Dzisiaj pod lupę bierzemy parę EURCHF.
Analizę rozpoczynamy od interwału tygodniowego, który mimo dalszego bardzo silnego wpływu styczniowych spadków na obraz Ichimoku, nie jest wcale nudny. W zeszłym tygodniu cena drugi raz trafiła w rejony 50% zniesienia wspomnianej ogromnej spadkowej świecy i po raz kolejny podaż mocno weszła do gry. Zamknięcie tygodnia nastąpiło pod zniesieniem i od tej pory na walucie królują niedźwiedzie. Kolejnym aspektem, w którym podaż ma uzasadnienie jest odbicie od spadkowej chmury z bardzo płaskim Senkou Span B. Jeśli spadki będą kontynuowane to kolejnym celem minimum dla podaży są okolice linii Kijun Sen czyli poziom 1.06. W przypadku dalszych spadków, kolejnym znaczącym poziomem będzie 1.03. Z drugiej strony jeśli dojdzie do mobilizacji byków, sygnałem żegnającym na jakiś czas podaż będzie wybicie i potwierdzenie chmury.
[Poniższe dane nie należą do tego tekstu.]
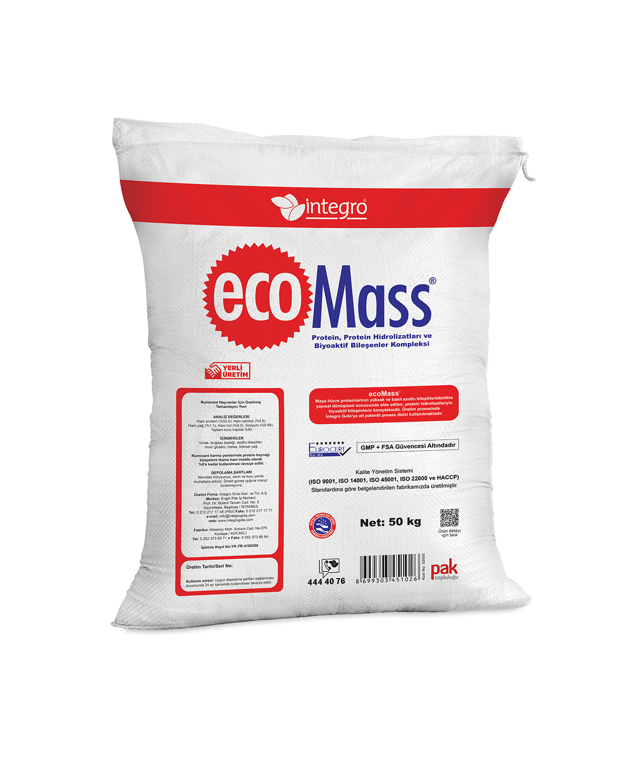 Ruminant hayvanlar için İntegro'ya ait patentli proses dizisi kullanılarak üretilmiş Türkiye'nin ilk ve tek %52-%55 ham protein alternatifi ile muhteşem bir protein kaynağı olan EcoMass ile tanışın!

Na interwale dziennym obowiązuje dalej trend wzrostowy, jednak po negacji przebicia wspomnianego zniesienia, cena wykonuje korektę, która powinna mieć zasięg przynajmniej do linii Kijun Sen. Są to również okolice 1.07-1.068, w których cena wykonała w lipcu korektę przed kolejnym wzrostem o wartości ponad 400 pipów. W tych rejonach możemy się spodziewać reakcji popytu i w zależności od niej będzie można wyciągać kolejne wnioski co do kontynuacji trendu wzrostowego czy też powiększenia korekty i stałej zmiany tendencji na spadkową.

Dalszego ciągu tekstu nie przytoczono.